## Dataset records
· · · · ·

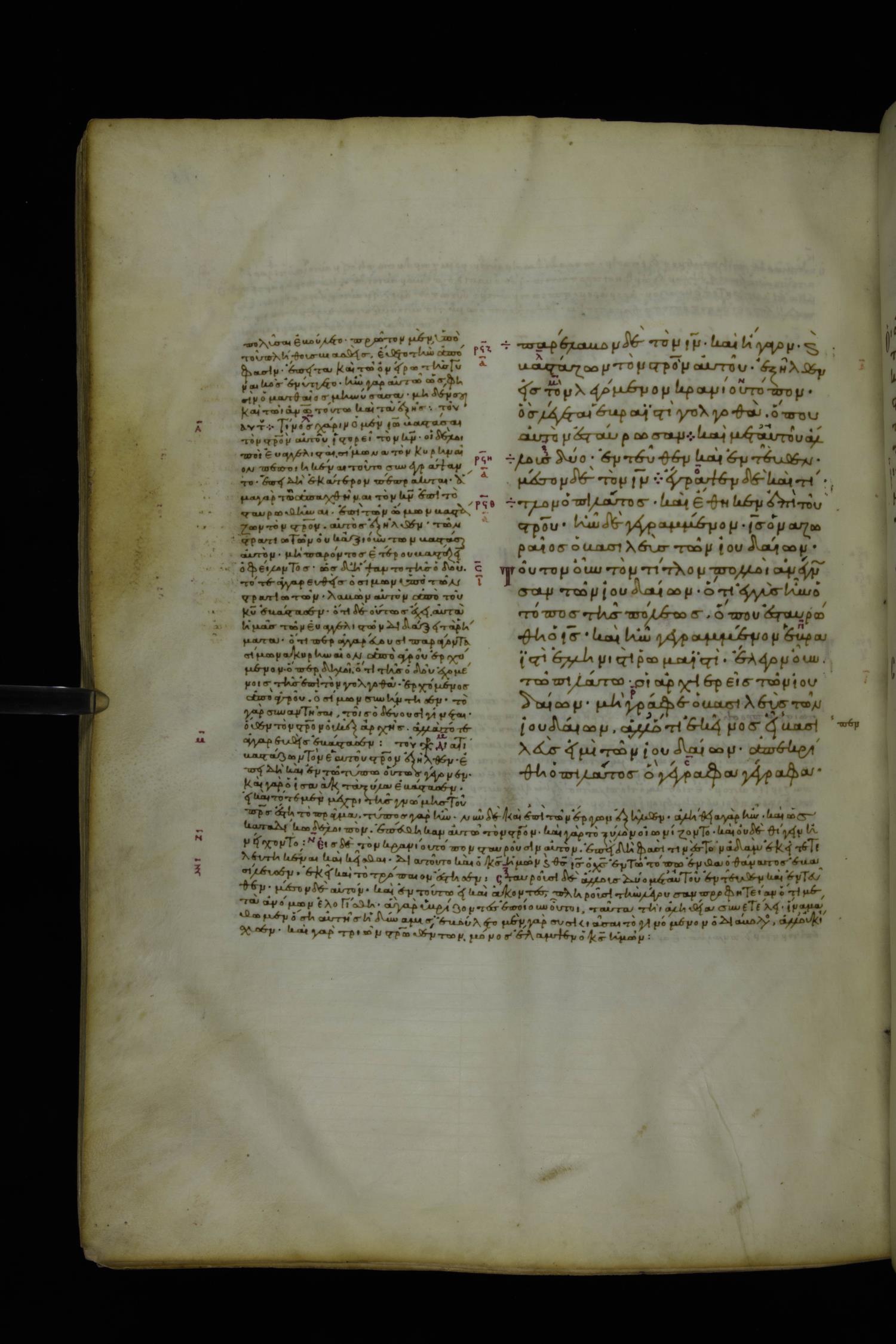 Tenth century minuscule of the Gospels with commentary; 285 leaves, 1 column, 4-34 lines per column. Images were taken at the National Library of Greece in Athens.
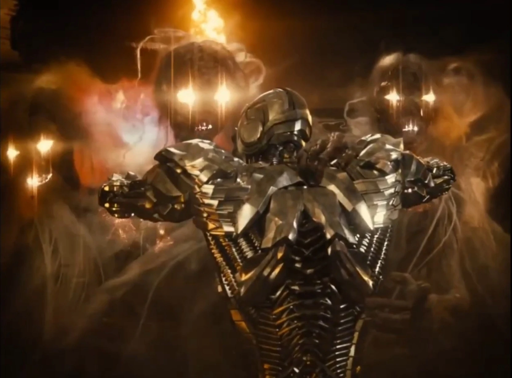 The Flash then went beyond the speed of light and reversed time to seconds before the Unity could fully synchronize, directing his charge towards Cyborg and allowing him to interface with it. Cyborg found himself in a simulated environment where he was greeted by his parents and himself prior to the accident. They offered to give him back his old body and revive his parents if he cooperates, to which Cyborg shoots them down and forcibly separates the Mother Boxes, who then transform into spectral hags as they fight back. The act of prying them apart by Superman and Victor resulted in them being destroyed, as was noted by DeSaad.
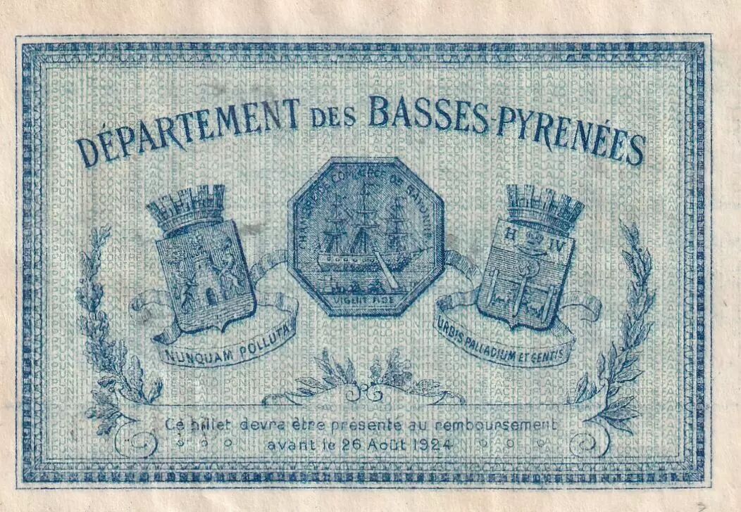 The back of the banknote bears the words "DEPARTEMENT DES BASSES-PYRENEES". An important clause specifies that this banknote had to be presented for reimbursement before August 24, 1924, indicating a deadline for its exchange.
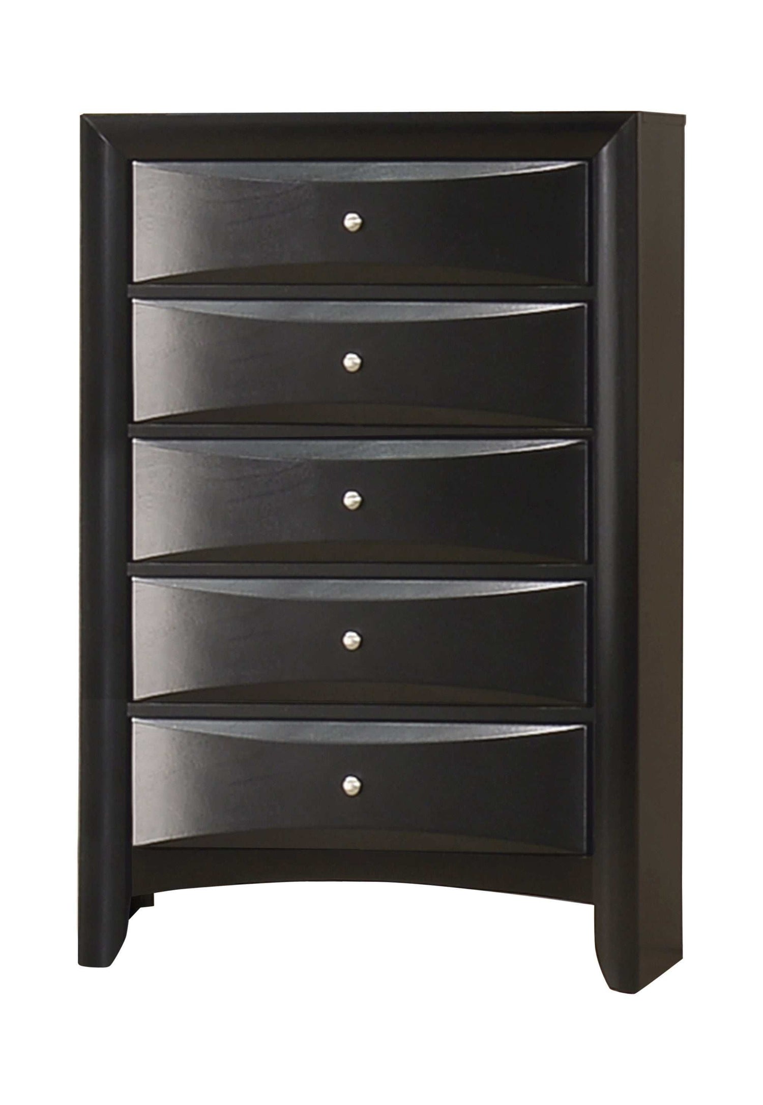 This superb 5-piece bedroom set from the Briana collection includes a nightstand and dresser. The centerpiece of the set is an impressive bed with a slightly flared leatherette-padded headboard and low-slung footboard. The clean, smooth dresser and nightstand are fashioned with beveled drawers with contrasting brushed chrome accents. A tall, rectangular mirror easily fits on top of the dresser to complete the practicality of the set. Each piece is finished in a classic, timeless black that adds an air of class to the bedroom ambiance.
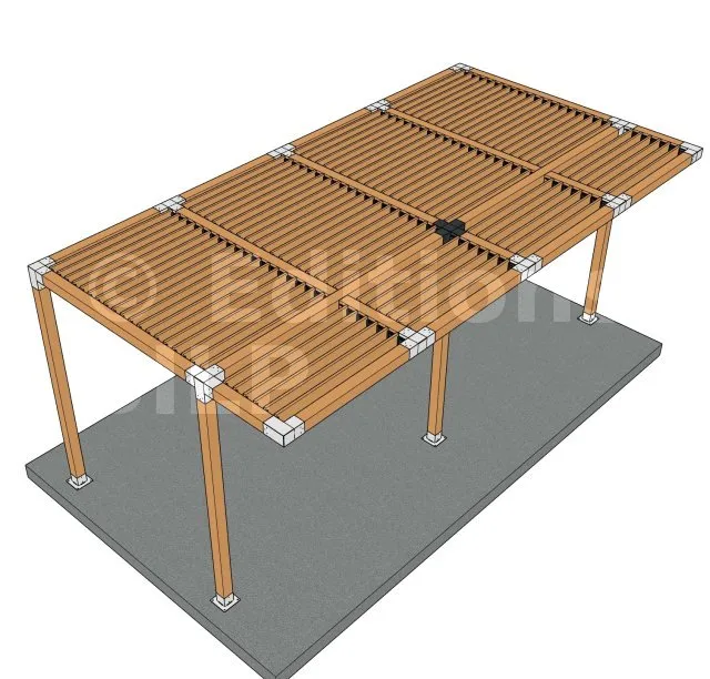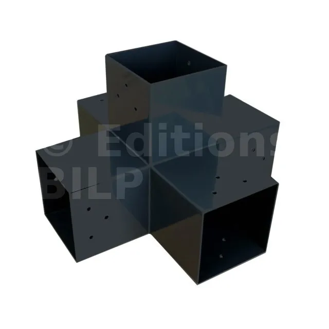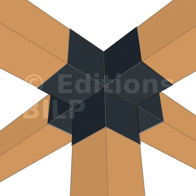 Il permet de raccorder deux poutres 120x120mm perpendiculairement à une autre poutre 120x120mm, le tout étant supporté par un poteau vertical de 120x120mm.
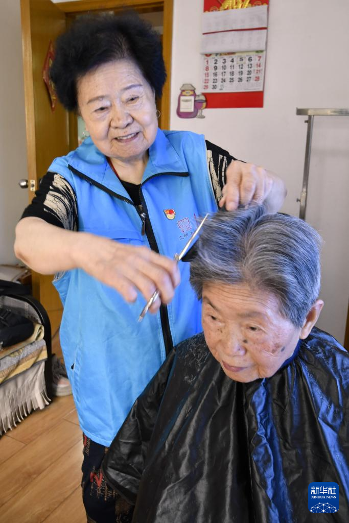 6月26日,东高地街道86岁的党员助老志愿服务队队员张春英(左)在为社区内93岁的老人丁月娣上门理发。
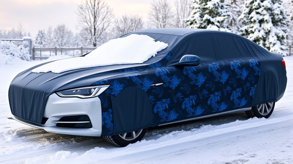 Think of your car as a brave knight; a waterproof snow cover is its shield. Yes, you can use it during heavy rain too. It keeps your vehicle dry, protecting against the rain’s relentless assault just like a shield deflects arrows. I use mine in all weather—snow, rain, or shine—to guarantee my car stays pristine. It’s a versatile barrier, giving peace of mind no matter the storm.
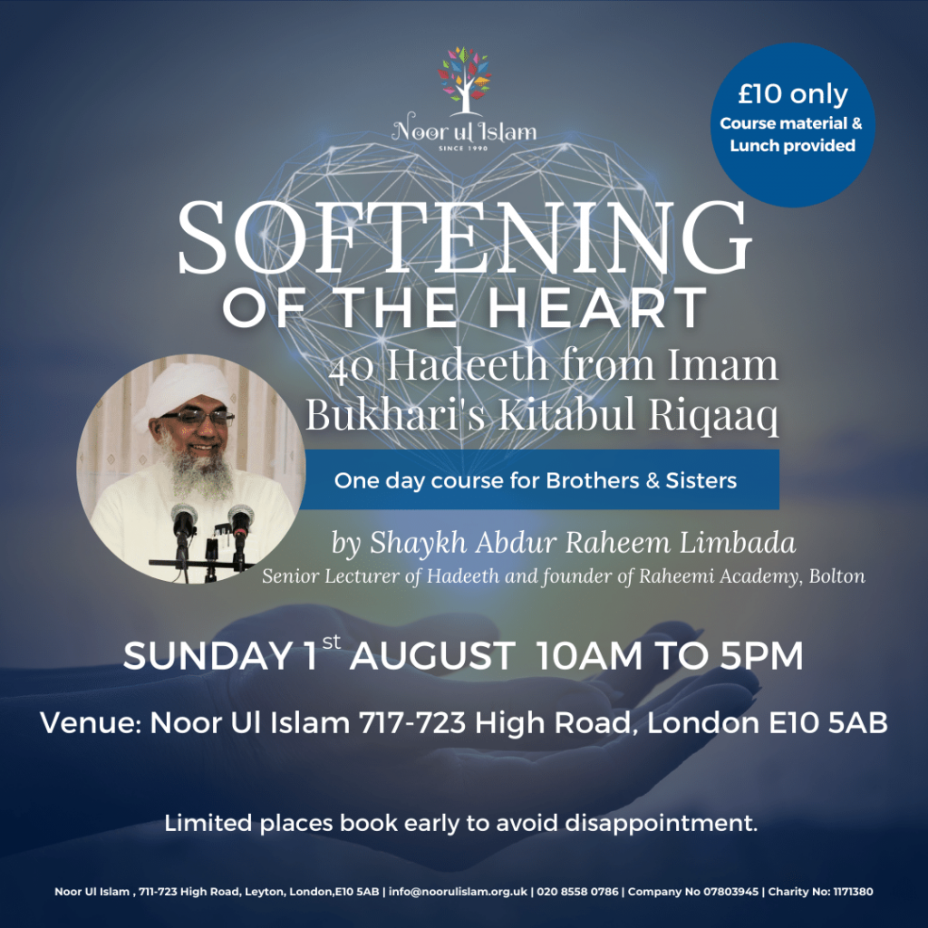 Noor Ul Islam is pleased to announce a one day course by the renown scholar Shaykh Abdur Raheem Limbada on Sunday 1st August.
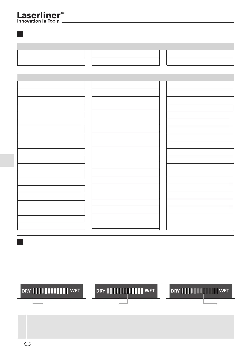 LED oferece uma avaliação da humidade adicional dependente do material. Com um teor de humida-
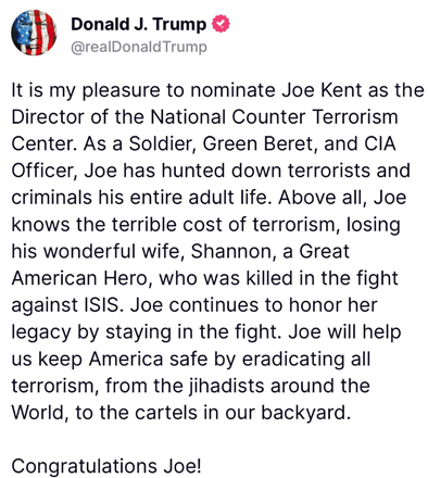 „Am plăcerea de a-l nominaliza pe Joe Kent ca director al Centrului Național de Contra-terorism. Ca soldat, (luptător în) Beretele Verzi și ofițer CIA, Joe a vânat teroriști și infractori toată viața. Mai presus, Joe știe prețul groaznic al terorismului, pierzându-și minunanta soție, Shannon, o mare eroină americană, care a fost ucisă în lupta cu ISIS.
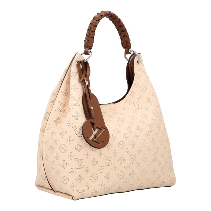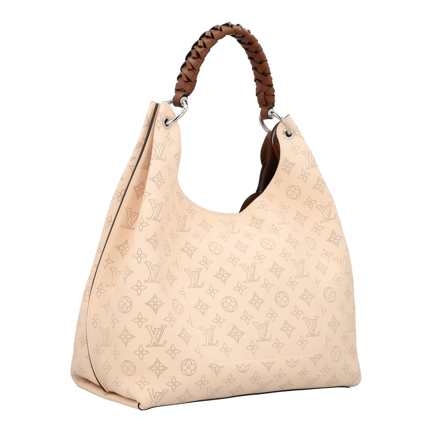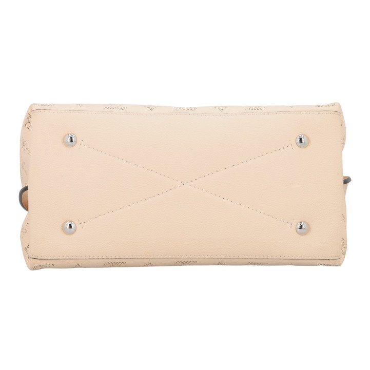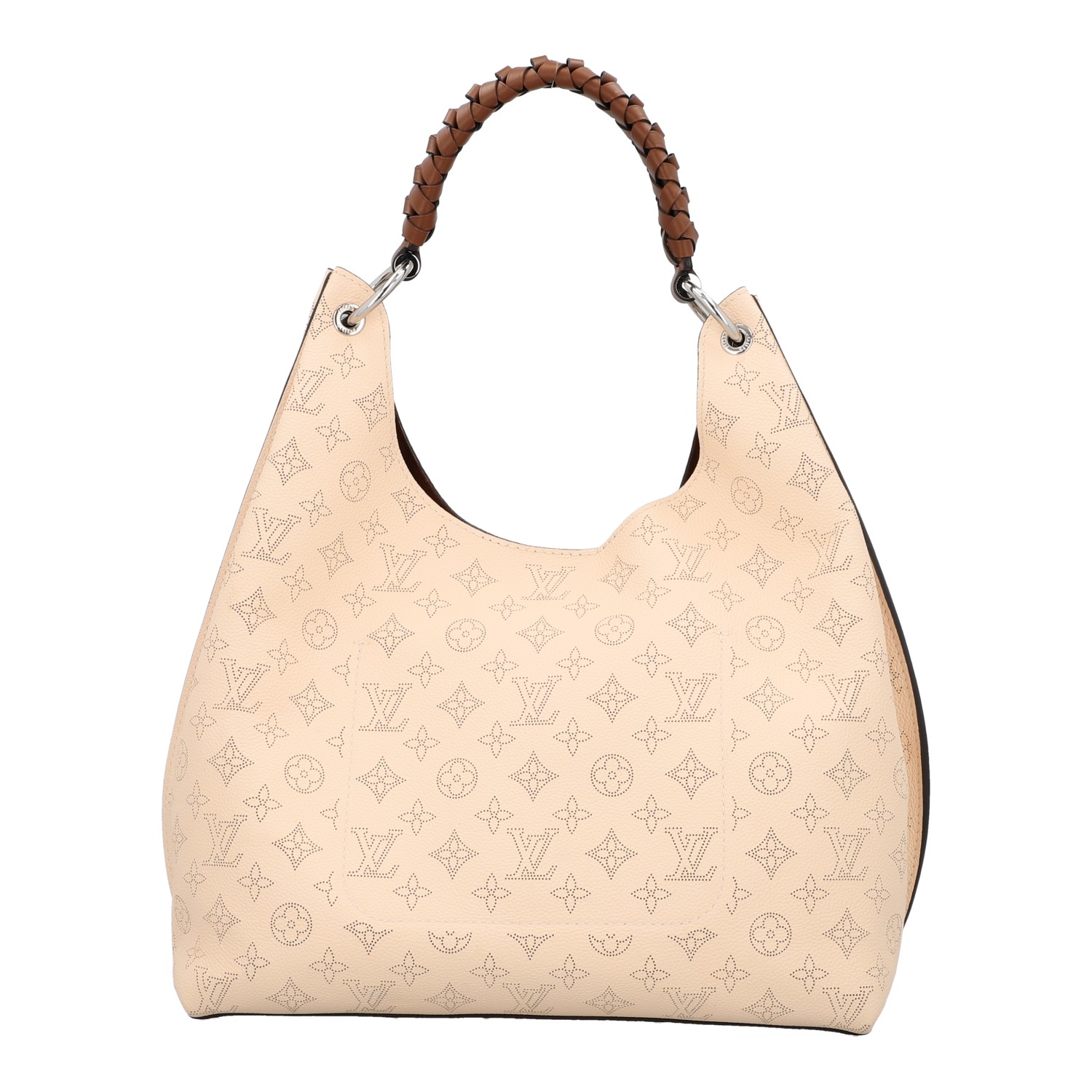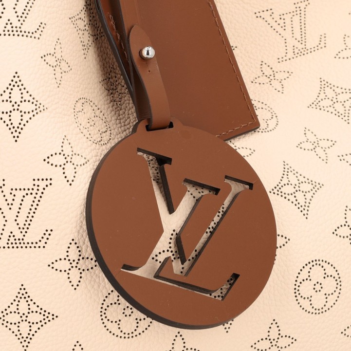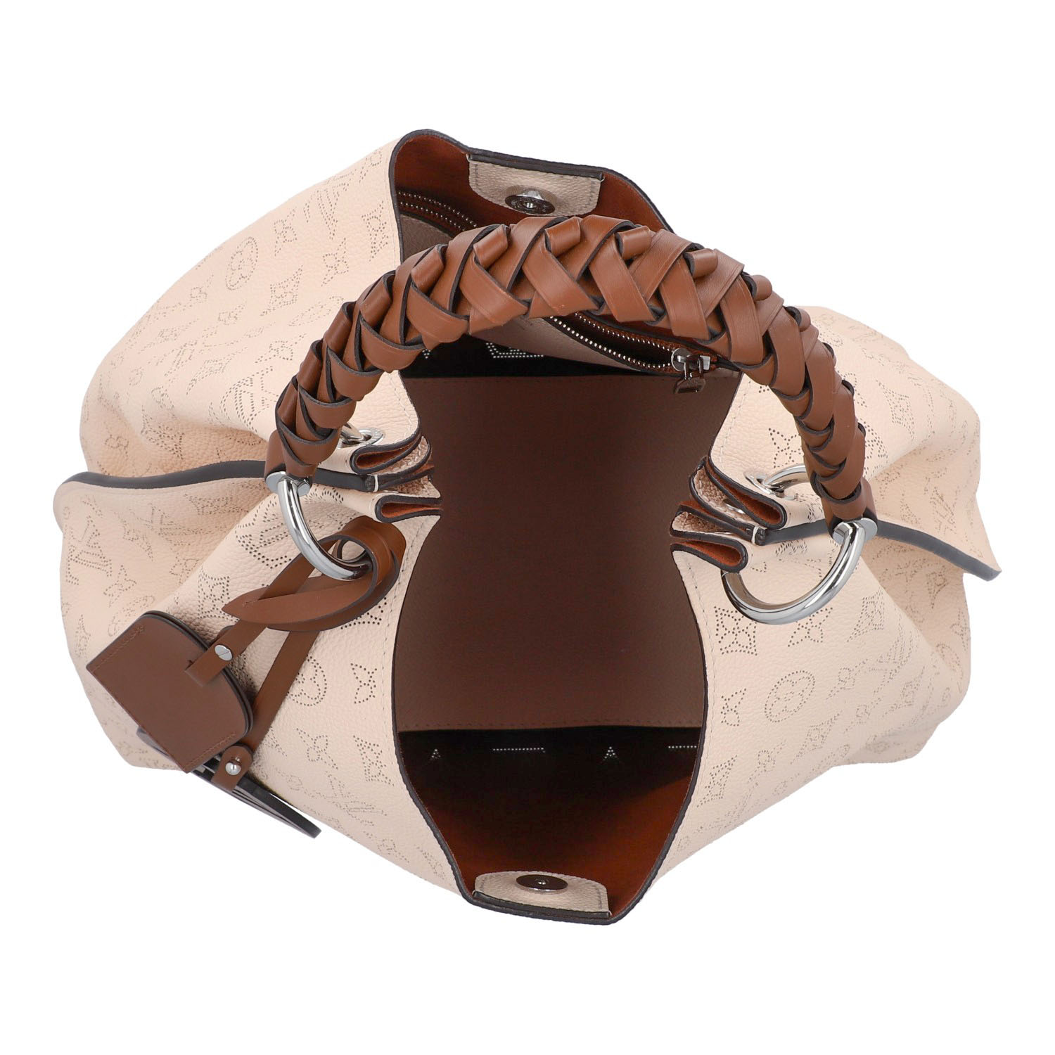 Akt. NP.: 4.200,-€. Koll. 2021. Mahina Leder Serie in Creme mit perforiertem Monogram und Details aus Leder in Braun. Hardware in Silberfarben. Klassisches Modell mit kleinem Innenfach, Hauptfach mit magnetischem Verschluss, geflochtener Henkel. Adressanhänger, Logo-Charm, Staubbeutel und Rechnung anbei. Sehr guter Erhalt.

· · · · ·

## Task brief
An exact restatement of the entries above is needed; no picture may appear in it.

## Output for this task
 Tenth century minuscule of the Gospels with commentary; 285 leaves, 1 column, 4-34 lines per column. Images were taken at the National Library of Greece in Athens.
 The Flash then went beyond the speed of light and reversed time to seconds before the Unity could fully synchronize, directing his charge towards Cyborg and allowing him to interface with it. Cyborg found himself in a simulated environment where he was greeted by his parents and himself prior to the accident. They offered to give him back his old body and revive his parents if he cooperates, to which Cyborg shoots them down and forcibly separates the Mother Boxes, who then transform into spectral hags as they fight back. The act of prying them apart by Superman and Victor resulted in them being destroyed, as was noted by DeSaad.
 The back of the banknote bears the words "DEPARTEMENT DES BASSES-PYRENEES". An important clause specifies that this banknote had to be presented for reimbursement before August 24, 1924, indicating a deadline for its exchange.
 This superb 5-piece bedroom set from the Briana collection includes a nightstand and dresser. The centerpiece of the set is an impressive bed with a slightly flared leatherette-padded headboard and low-slung footboard. The clean, smooth dresser and nightstand are fashioned with beveled drawers with contrasting brushed chrome accents. A tall, rectangular mirror easily fits on top of the dresser to complete the practicality of the set. Each piece is finished in a classic, timeless black that adds an air of class to the bedroom ambiance.
 Il permet de raccorder deux poutres 120x120mm perpendiculairement à une autre poutre 120x120mm, le tout étant supporté par un poteau vertical de 120x120mm.
 6月26日,东高地街道86岁的党员助老志愿服务队队员张春英(左)在为社区内93岁的老人丁月娣上门理发。
 Think of your car as a brave knight; a waterproof snow cover is its shield. Yes, you can use it during heavy rain too. It keeps your vehicle dry, protecting against the rain’s relentless assault just like a shield deflects arrows. I use mine in all weather—snow, rain, or shine—to guarantee my car stays pristine. It’s a versatile barrier, giving peace of mind no matter the storm.
 Noor Ul Islam is pleased to announce a one day course by the renown scholar Shaykh Abdur Raheem Limbada on Sunday 1st August.
 LED oferece uma avaliação da humidade adicional dependente do material. Com um teor de humida-
 „Am plăcerea de a-l nominaliza pe Joe Kent ca director al Centrului Național de Contra-terorism. Ca soldat, (luptător în) Beretele Verzi și ofițer CIA, Joe a vânat teroriști și infractori toată viața. Mai presus, Joe știe prețul groaznic al terorismului, pierzându-și minunanta soție, Shannon, o mare eroină americană, care a fost ucisă în lupta cu ISIS.
 Akt. NP.: 4.200,-€. Koll. 2021. Mahina Leder Serie in Creme mit perforiertem Monogram und Details aus Leder in Braun. Hardware in Silberfarben. Klassisches Modell mit kleinem Innenfach, Hauptfach mit magnetischem Verschluss, geflochtener Henkel. Adressanhänger, Logo-Charm, Staubbeutel und Rechnung anbei. Sehr guter Erhalt.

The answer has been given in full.